### Data section
========================================================================

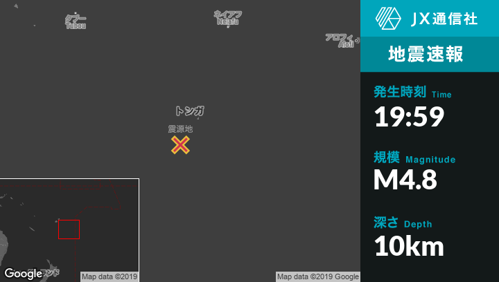 | 震源地 | トンガの`Ohonuaから南西96kmの地点 |
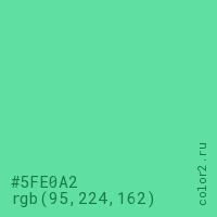 Цвет #5FE0A2 в цветовой модели RGB обозначается тремя октетами (95, 224, 162) в десятичном формате и #5FE0A2 в шестнадцатиричном (hex) формате, которые являются интенсивностью красного 95 (hex 5F), интенсивность зелёного 224 (hex E0) и интенсивность синего 162 (hex A2).
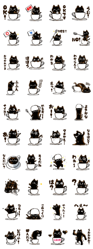 普段使いができる、猫のようなコーヒーのようなキャラクターの反応を送りやすいスタンプです。ケースワベ より発売

========================================================================

### Required work
Transcribe all of the material exactly and leave out its pictures.

### Output for this task
 | 震源地 | トンガの`Ohonuaから南西96kmの地点 |
 Цвет #5FE0A2 в цветовой модели RGB обозначается тремя октетами (95, 224, 162) в десятичном формате и #5FE0A2 в шестнадцатиричном (hex) формате, которые являются интенсивностью красного 95 (hex 5F), интенсивность зелёного 224 (hex E0) и интенсивность синего 162 (hex A2).
 普段使いができる、猫のようなコーヒーのようなキャラクターの反応を送りやすいスタンプです。ケースワベ より発売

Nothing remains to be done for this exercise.